## PROBLEM REQUIREMENTS:
Only one stretch of the data below should be repeated: the lines from the line containing "纵观小米的成长历史,其热度与" through the line containing "Delicioso mistão no", inclusive, exactly as they are.

## INPUT DATA:

☆ ☆ ☆ ☆

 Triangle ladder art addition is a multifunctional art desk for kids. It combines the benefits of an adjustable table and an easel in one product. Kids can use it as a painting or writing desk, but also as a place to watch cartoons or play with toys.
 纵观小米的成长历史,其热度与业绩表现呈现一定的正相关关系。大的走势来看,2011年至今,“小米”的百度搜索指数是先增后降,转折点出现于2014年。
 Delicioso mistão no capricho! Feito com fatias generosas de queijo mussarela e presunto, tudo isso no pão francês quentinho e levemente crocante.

☆ ☆ ☆ ☆

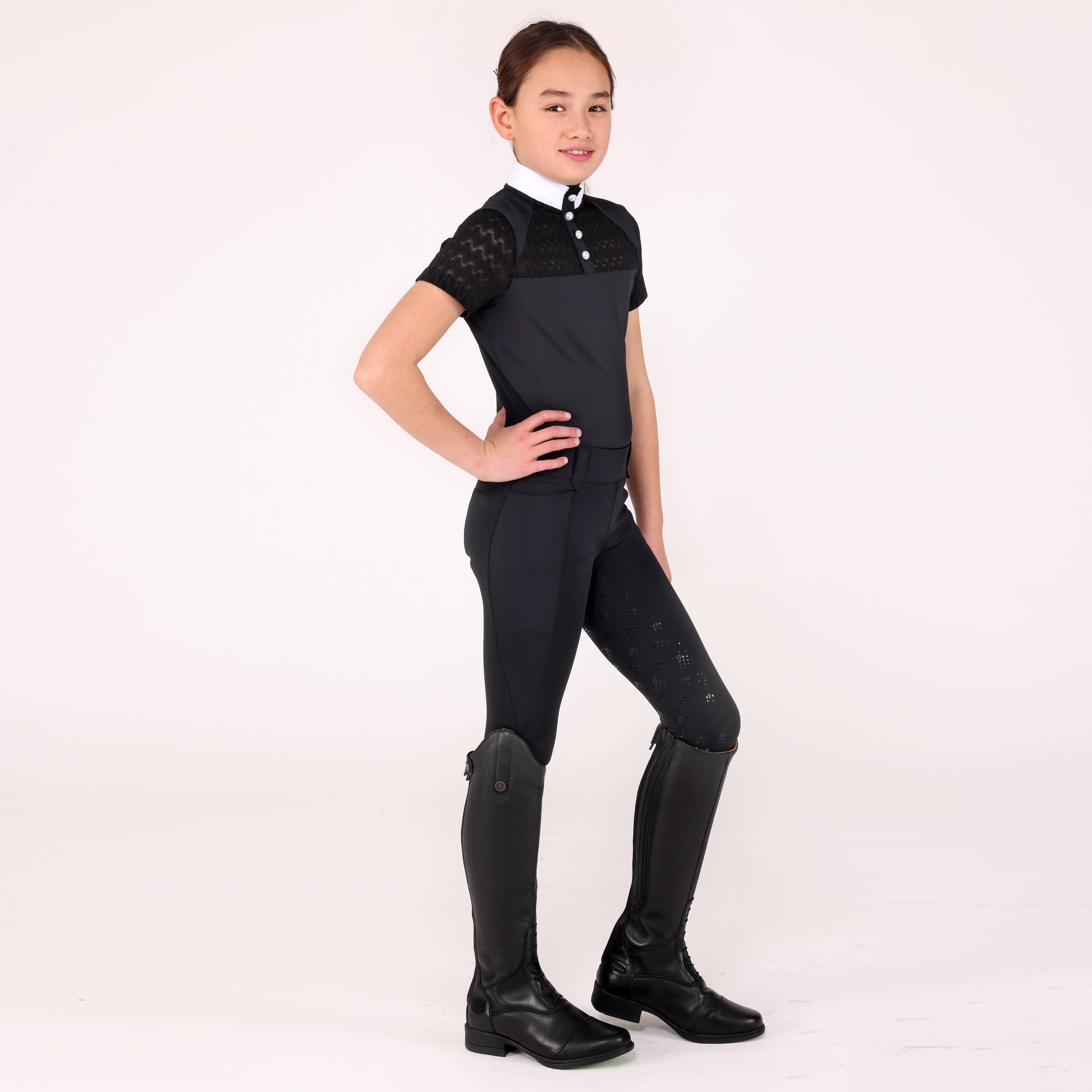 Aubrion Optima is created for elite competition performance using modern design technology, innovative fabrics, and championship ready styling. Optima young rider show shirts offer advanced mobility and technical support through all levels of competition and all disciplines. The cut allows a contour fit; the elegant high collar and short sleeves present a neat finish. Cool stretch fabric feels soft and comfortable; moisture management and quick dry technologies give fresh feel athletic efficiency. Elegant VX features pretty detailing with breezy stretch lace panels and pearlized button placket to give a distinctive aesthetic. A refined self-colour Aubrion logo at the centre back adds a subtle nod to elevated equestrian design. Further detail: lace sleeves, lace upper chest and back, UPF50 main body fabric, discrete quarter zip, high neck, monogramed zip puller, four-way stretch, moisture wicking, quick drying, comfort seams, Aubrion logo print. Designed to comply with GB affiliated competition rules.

☆ ☆ ☆ ☆

## RESULT BELOW:
 纵观小米的成长历史,其热度与业绩表现呈现一定的正相关关系。大的走势来看,2011年至今,“小米”的百度搜索指数是先增后降,转折点出现于2014年。
 Delicioso mistão no capricho! Feito com fatias generosas de queijo mussarela e presunto, tudo isso no pão francês quentinho e levemente crocante.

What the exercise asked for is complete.